Пятое марта

 

 

 

439

 

В Ростове весна всегда прорывается рано, каким-то тревожным духом — ещё в феврале. А сейчас, опустясь с широты Минска, Ярослав был тем более поражён ударом тепла и весны, смешанным запахом тающего снега, конского навоза и первых почек. При внутренней тревоге, с которой он приехал, этот мягкий удар пришёлся ему и самым желанным, его он и искал! — и самым больным.

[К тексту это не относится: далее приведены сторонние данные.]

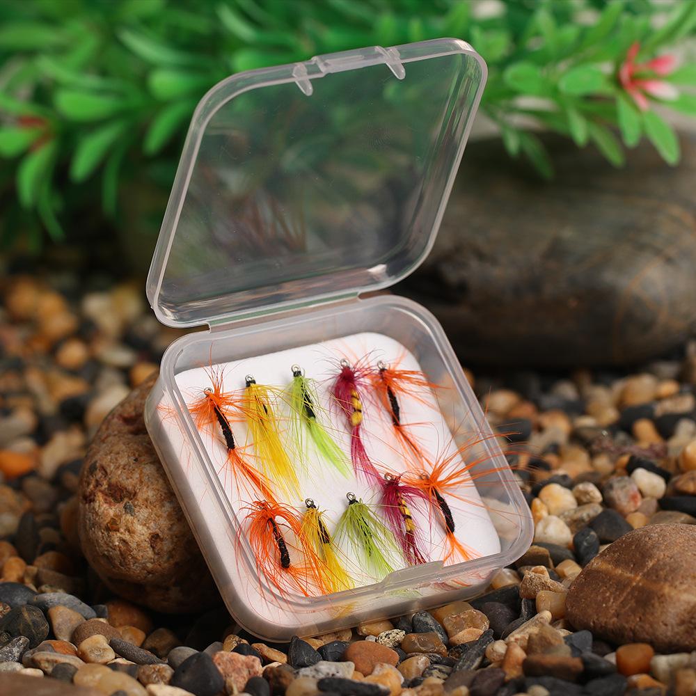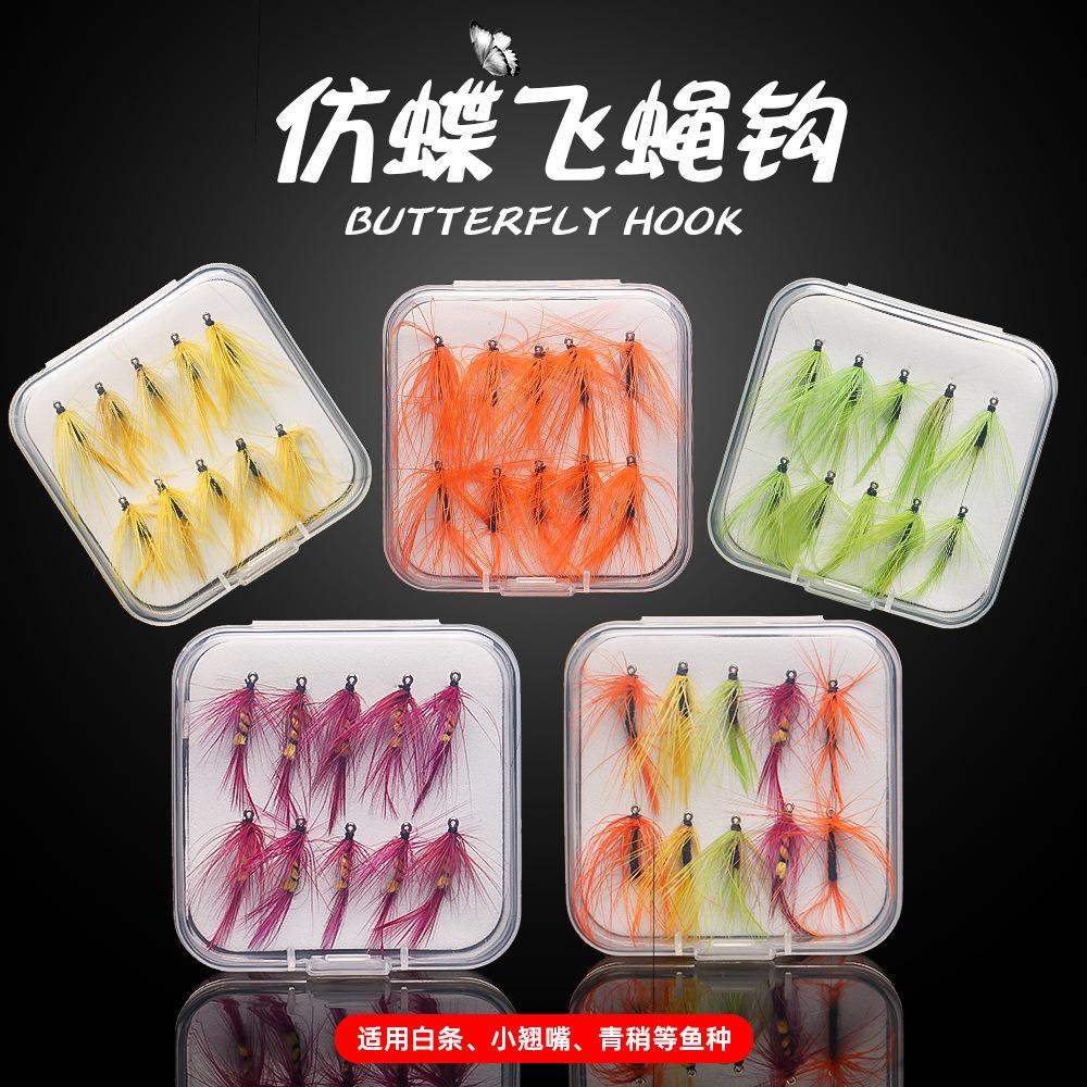 Anzuelo de mosca con cebo falso Luya de 10 px/caja, anzuelo de pluma de mariposa biónico con rayas blancas de agua dulce, cebo para perca con boca de caballo
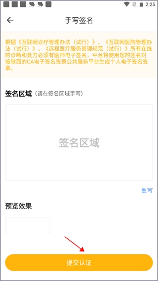 4、在签名区域填写自己的名字,写完后点击“提交认证”,等待后台审核,审核通过后就认证成功了。
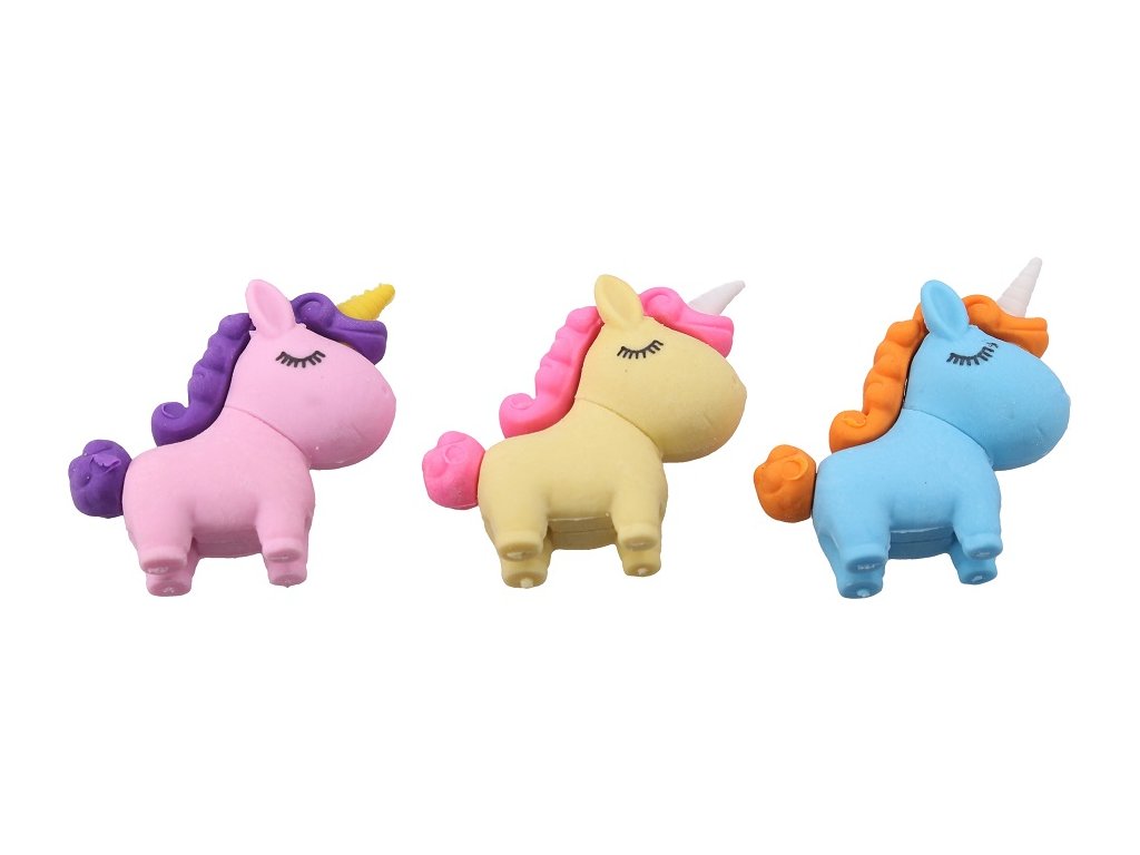 Guma mazacia jednorožecMazacia guma je základnou výbavou každého školského peračníka, pre malého školáka je skoro každodennou pomôckou. Veľkosť: 4 x 3,5 cm3 farby : ružová, modrá, žltá

Он приехал в отпуск как будто к маме, сестре и брату, — на самом деле ни к маме, ни к сестре, ни к брату — а даже к самому Ростову больше, чем к ним. Потому что при камнях его, в нишах его и проходных парадных, на бульварах и в провале между Садовой и Пушкинской (и в каждом переулке по-своему) задержалась, осела, как неразогнанный дневным солнцем туманец, — какая-то несытая тайна его юности. И эту тайну он приехал дознать, собрать ладонями, перешептать снова. Где он сам за это время ни воевал, ни прошёл, а тайна — странно — осталась именно только в этом городе. Нигде в другом месте одинокое шатание не могло так душу уводить и щемить, как здесь.

А если — неодинокое?..

Только отсюда, оказывается, он мог исследить и найти. Только здесь, где это розовело на восходе, — могло разгореться и жаром. Так он был устроен.

У него не было ни невесты, ни ждущей любимой. Но сразу несколько нежных и острых воспоминаний он вёз в груди, и они распухали в ворох надежд. Ни одно из них не было подкреплено свежею перепиской, но мнилось — все эти девицы на прежних местах, и каждая готова продолжать с ним оттуда, где они остановились.

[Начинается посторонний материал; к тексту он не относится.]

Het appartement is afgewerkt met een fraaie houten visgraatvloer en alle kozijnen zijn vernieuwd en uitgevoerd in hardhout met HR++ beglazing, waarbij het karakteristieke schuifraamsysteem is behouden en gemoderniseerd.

И так поехал он трамваем за Крепостной переулок в Нахичевань к Ларе — а она, оказалось, уехала со всею семьёй. И с большой надеждой он искал на Тургеневской Тому — и застал её помолвленной. И ещё одно застарелое нежное знакомство — Нюша Кочармина — повлекло его ранним утренним местным поездом в соседний Новочеркасск. Но Нюша и вовсе оказалась замужем, и Ярик, конечно, не пошёл по новому адресу. А познакомился с братом её Виталием, кончающим гимназию, а на будущий год хочет в Ростов в университет. Такой светлый умный юноша, звал его заходить к Харитоновым, когда будет в Ростове.

Никого не нашёл! Но все уличные углы, впадины, тупички, скамьи под акациями, сейчас голыми, мреяли Ярославу, что помнят, остались верны, благодарят за возврат.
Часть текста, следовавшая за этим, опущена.